DATA UNDER STUDY:
•••••

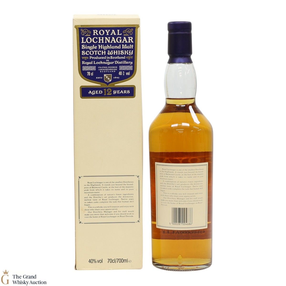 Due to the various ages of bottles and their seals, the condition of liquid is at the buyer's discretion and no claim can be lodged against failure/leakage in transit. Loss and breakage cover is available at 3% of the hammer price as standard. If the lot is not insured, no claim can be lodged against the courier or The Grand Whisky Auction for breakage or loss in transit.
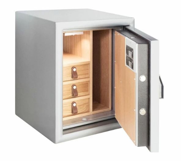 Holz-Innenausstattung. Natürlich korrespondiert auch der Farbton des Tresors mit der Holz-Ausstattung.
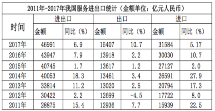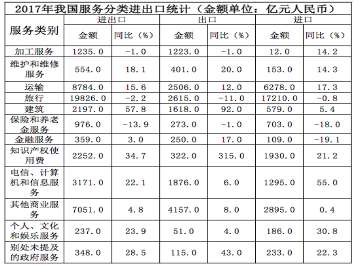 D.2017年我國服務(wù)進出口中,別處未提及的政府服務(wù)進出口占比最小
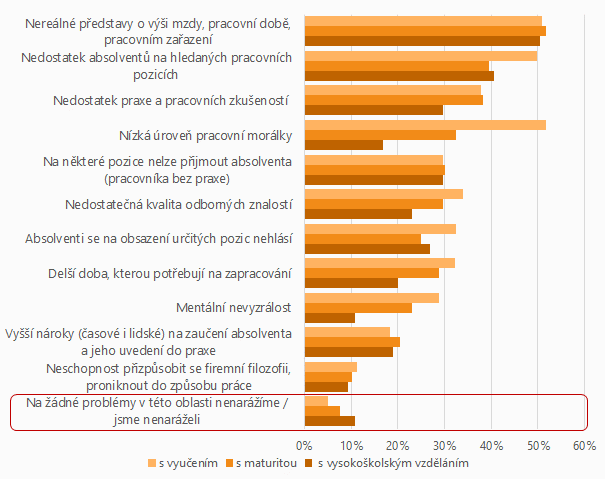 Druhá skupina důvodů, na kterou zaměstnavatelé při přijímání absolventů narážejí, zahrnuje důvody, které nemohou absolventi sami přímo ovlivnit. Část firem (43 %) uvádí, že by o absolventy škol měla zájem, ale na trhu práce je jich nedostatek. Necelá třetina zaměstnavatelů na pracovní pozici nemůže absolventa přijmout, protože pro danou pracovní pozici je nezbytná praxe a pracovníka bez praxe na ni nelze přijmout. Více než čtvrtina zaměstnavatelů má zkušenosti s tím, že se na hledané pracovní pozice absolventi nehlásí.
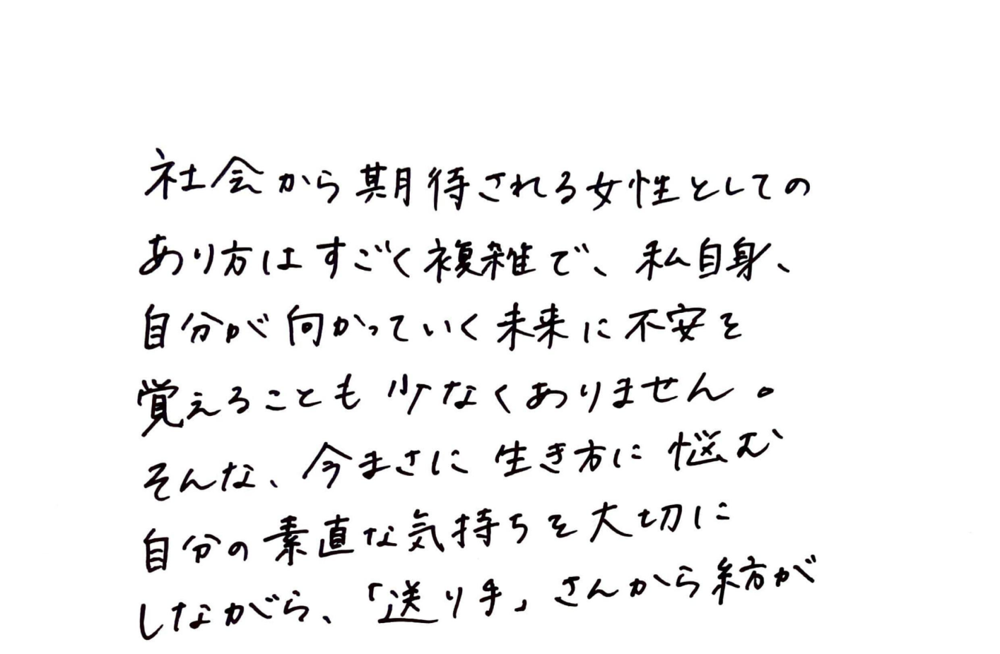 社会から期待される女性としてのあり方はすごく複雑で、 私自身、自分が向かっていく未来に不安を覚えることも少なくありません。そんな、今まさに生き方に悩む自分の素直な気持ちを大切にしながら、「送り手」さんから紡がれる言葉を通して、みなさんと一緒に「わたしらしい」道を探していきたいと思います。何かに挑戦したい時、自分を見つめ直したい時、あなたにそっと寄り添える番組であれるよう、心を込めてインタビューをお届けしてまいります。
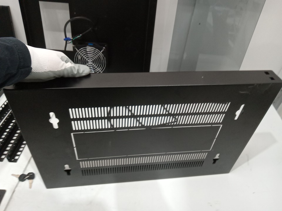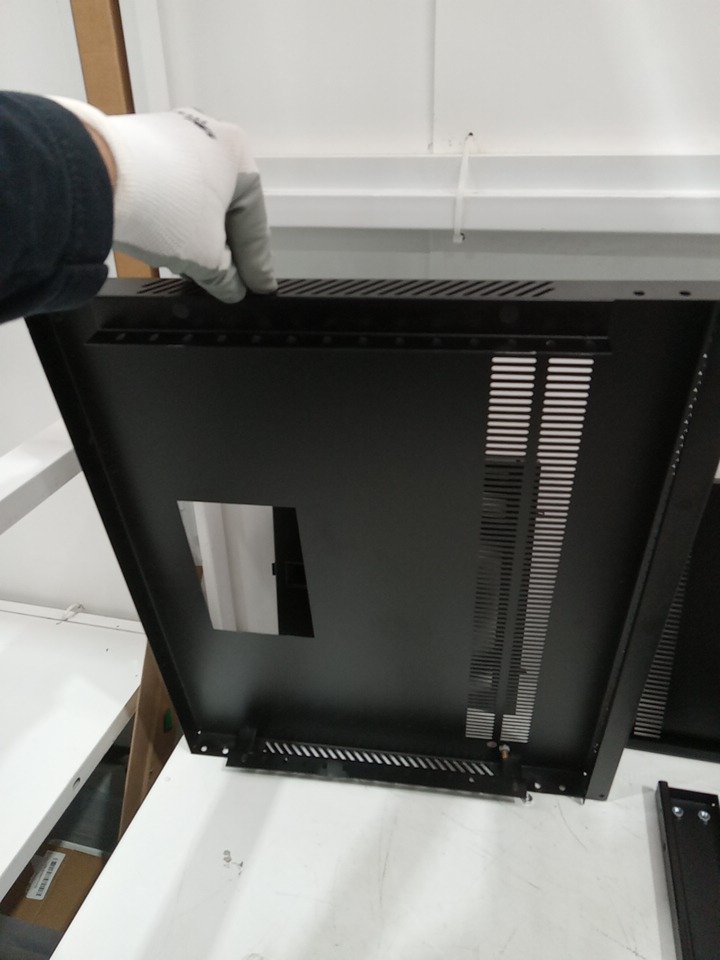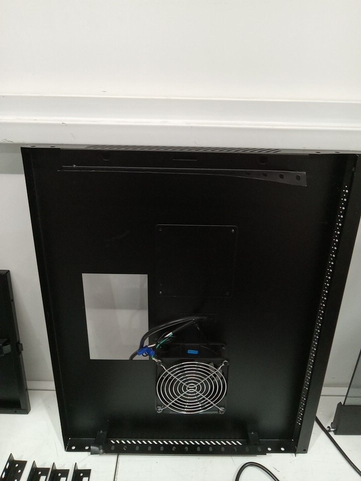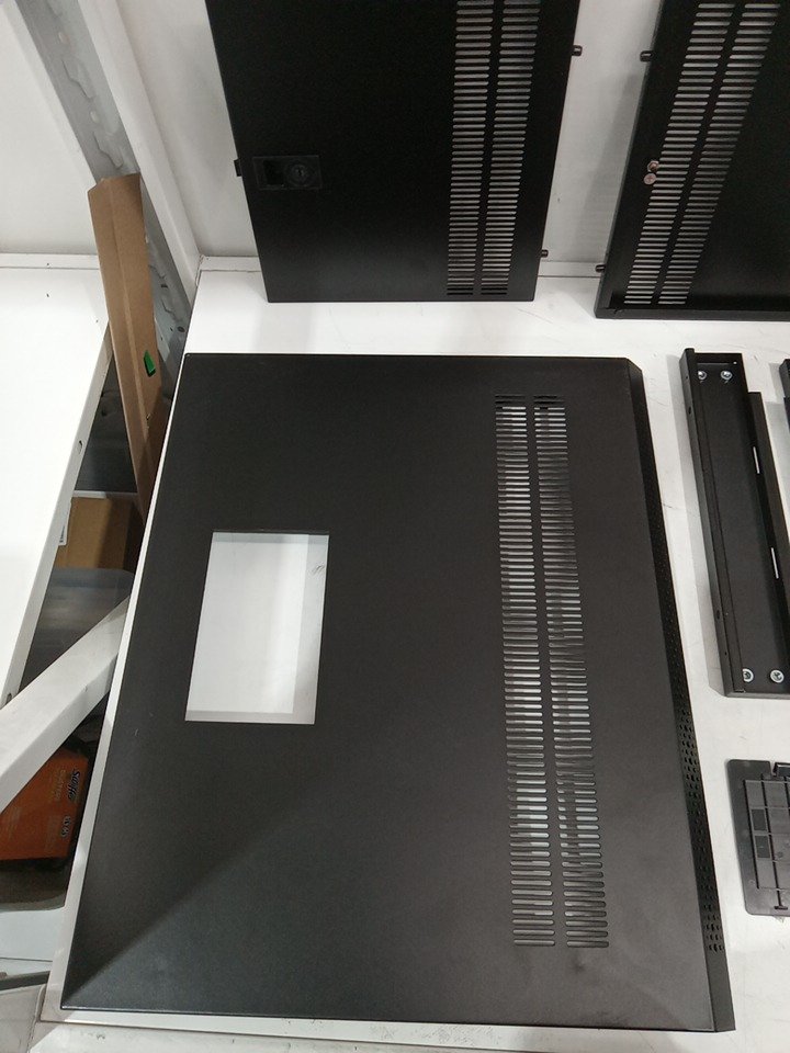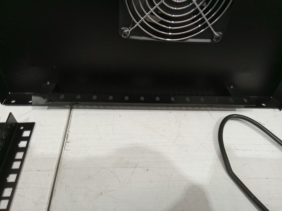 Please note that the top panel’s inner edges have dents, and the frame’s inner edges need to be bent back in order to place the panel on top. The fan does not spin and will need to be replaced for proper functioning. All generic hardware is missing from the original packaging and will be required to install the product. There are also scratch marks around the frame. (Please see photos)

•••••

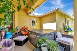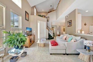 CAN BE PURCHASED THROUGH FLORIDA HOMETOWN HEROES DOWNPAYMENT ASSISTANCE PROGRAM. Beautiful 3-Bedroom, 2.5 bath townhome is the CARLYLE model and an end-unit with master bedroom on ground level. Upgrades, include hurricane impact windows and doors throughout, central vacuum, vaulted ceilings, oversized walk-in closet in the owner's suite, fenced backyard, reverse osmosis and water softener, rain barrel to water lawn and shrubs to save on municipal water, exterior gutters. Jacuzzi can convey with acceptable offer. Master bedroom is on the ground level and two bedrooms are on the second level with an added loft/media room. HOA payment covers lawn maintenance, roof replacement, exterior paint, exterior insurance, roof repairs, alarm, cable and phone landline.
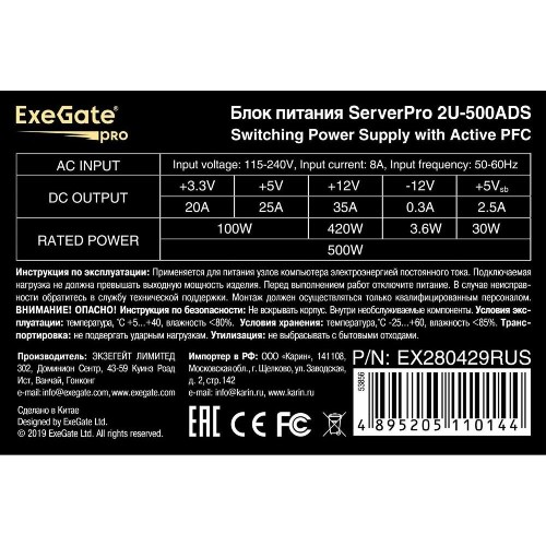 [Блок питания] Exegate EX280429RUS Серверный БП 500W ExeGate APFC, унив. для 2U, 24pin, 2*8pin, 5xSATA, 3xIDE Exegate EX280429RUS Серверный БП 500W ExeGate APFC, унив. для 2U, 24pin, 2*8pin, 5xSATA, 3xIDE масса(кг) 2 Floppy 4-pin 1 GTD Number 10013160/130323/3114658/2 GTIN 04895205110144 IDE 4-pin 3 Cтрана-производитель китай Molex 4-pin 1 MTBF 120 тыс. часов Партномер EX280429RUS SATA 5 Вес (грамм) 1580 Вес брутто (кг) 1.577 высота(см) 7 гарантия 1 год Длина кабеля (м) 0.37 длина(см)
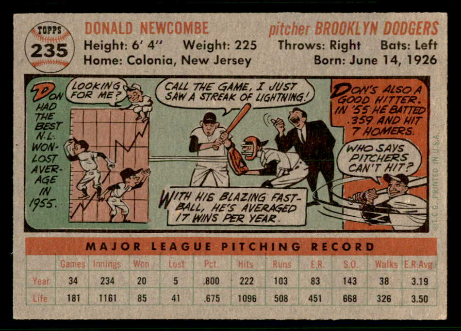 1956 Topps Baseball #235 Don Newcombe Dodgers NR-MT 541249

•••••

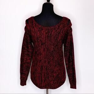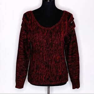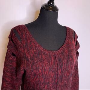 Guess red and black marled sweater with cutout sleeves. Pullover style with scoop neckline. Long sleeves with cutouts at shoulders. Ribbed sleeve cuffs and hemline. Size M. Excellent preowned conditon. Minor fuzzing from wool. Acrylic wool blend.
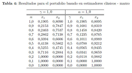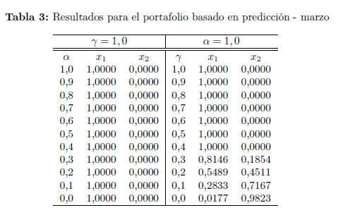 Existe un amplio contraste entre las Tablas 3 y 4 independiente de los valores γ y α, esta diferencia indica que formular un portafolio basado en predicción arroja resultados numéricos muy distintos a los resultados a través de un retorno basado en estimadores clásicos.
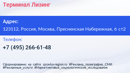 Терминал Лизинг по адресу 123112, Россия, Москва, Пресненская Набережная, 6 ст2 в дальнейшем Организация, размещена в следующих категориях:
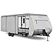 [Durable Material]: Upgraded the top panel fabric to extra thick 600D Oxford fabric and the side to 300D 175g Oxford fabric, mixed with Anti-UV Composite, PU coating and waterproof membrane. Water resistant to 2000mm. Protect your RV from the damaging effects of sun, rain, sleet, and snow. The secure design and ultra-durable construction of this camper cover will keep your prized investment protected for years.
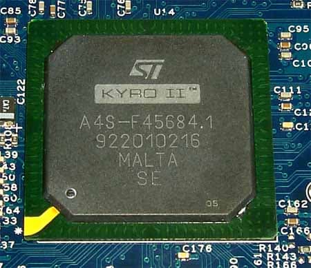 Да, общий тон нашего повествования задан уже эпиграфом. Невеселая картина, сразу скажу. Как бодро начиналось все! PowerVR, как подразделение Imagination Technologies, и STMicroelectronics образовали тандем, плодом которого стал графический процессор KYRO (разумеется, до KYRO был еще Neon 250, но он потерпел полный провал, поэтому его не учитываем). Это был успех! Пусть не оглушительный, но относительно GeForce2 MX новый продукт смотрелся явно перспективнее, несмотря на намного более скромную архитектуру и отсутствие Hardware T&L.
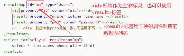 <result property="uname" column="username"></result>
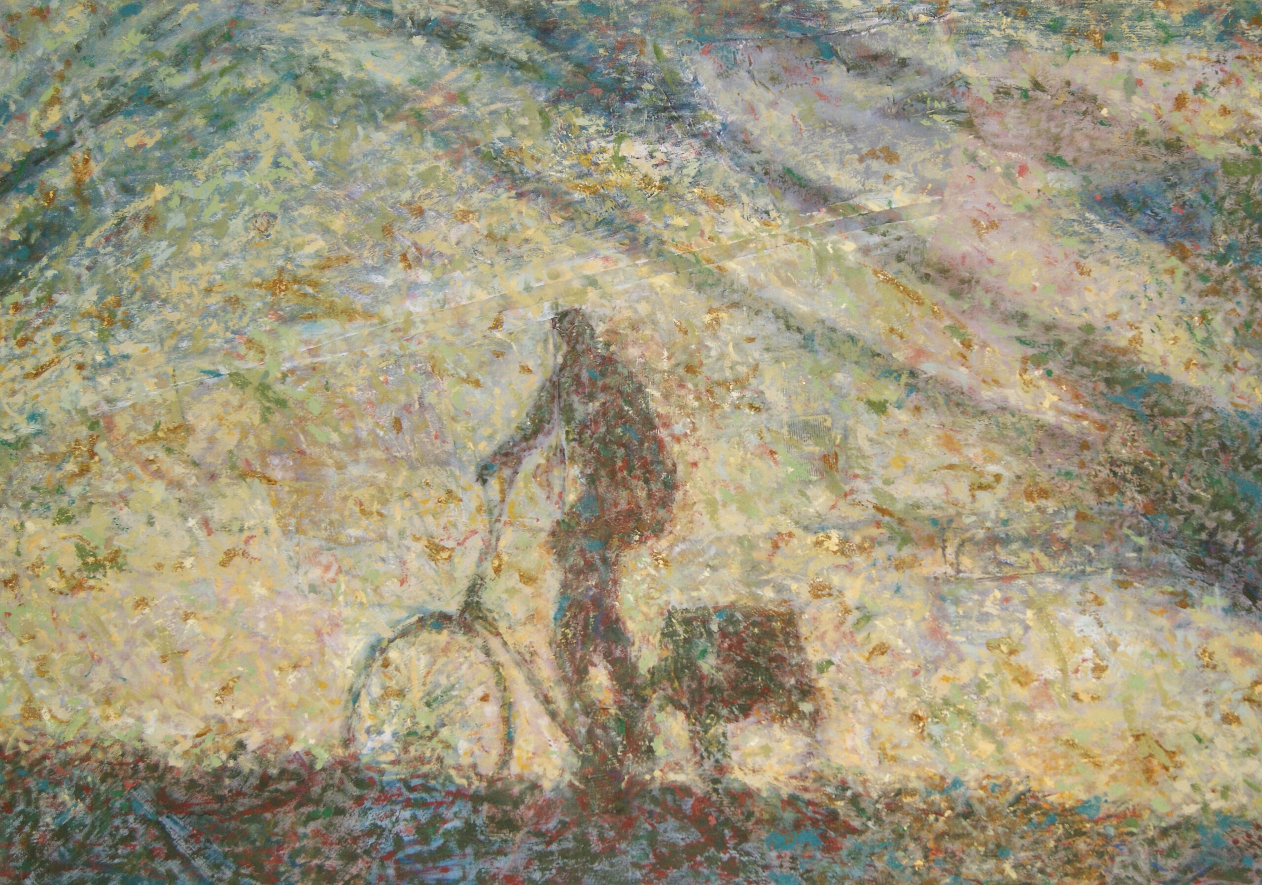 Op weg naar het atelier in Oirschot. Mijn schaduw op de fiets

•••••

From the data above, retype only the lines starting with the line with "Терминал Лизинг по" and going on through the line with "Op weg naar", exactly, leaving out the pictures.

 Терминал Лизинг по адресу 123112, Россия, Москва, Пресненская Набережная, 6 ст2 в дальнейшем Организация, размещена в следующих категориях:
 [Durable Material]: Upgraded the top panel fabric to extra thick 600D Oxford fabric and the side to 300D 175g Oxford fabric, mixed with Anti-UV Composite, PU coating and waterproof membrane. Water resistant to 2000mm. Protect your RV from the damaging effects of sun, rain, sleet, and snow. The secure design and ultra-durable construction of this camper cover will keep your prized investment protected for years.
 Да, общий тон нашего повествования задан уже эпиграфом. Невеселая картина, сразу скажу. Как бодро начиналось все! PowerVR, как подразделение Imagination Technologies, и STMicroelectronics образовали тандем, плодом которого стал графический процессор KYRO (разумеется, до KYRO был еще Neon 250, но он потерпел полный провал, поэтому его не учитываем). Это был успех! Пусть не оглушительный, но относительно GeForce2 MX новый продукт смотрелся явно перспективнее, несмотря на намного более скромную архитектуру и отсутствие Hardware T&L.
 <result property="uname" column="username"></result>
 Op weg naar het atelier in Oirschot. Mijn schaduw op de fiets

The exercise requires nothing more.